令和6年(2024)本試験
問15
法令上の制限都市計画法過去問
この問題の全体像
都市計画法における都市計画の内容、特に地区計画の要件と準都市計画区域の制限、用途地域の目的を問う問題。地区計画は用途地域が定められていない区域でも定めることができ、この点が正誤判定の核心となる。
都市計画法に関する次の記述のうち、誤っているものはどれか。
- 1都市計画区域外においても、特に必要があるときは、都市施設に関する都市計画を定めることができる。

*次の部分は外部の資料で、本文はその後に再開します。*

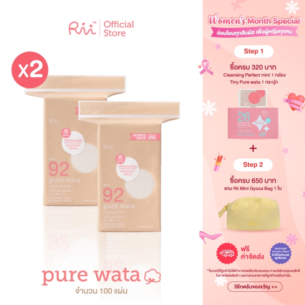(แพ็คคู่) Rii Pure Wata Unbleached Cotton pads

- 2準都市計画区域については、用途地域が定められている土地の区域であっても、市街地開発事業に関する都市計画を定めることができない。
- 3用途地域の一つである準住居地域は、道路の沿道としての地域の特性にふさわしい業務の利便の増進を図りつつ、これと調和した住居の環境を保護するために定める地域である。
- 4地区計画は、用途地域が定められている土地の区域についてのみ都市計画に定められるものであり、また、地区計画に関する都市計画を定めるに当たっては、地区整備計画を都市計画に定めなければならない。
この問題の詳しい解説
POINT
この問題のポイント
都市計画法における都市計画の内容、特に地区計画の要件と準都市計画区域の制限、用途地域の目的を問う問題。
この問題は、6 つの視点でさらに深掘りできます
02
深度分析
都市計画法における都市計画の内容、特に地区計画の要件と準都市計画区域の制限、用途地域の目的を問う問題。地区計画は用途地域が定められて…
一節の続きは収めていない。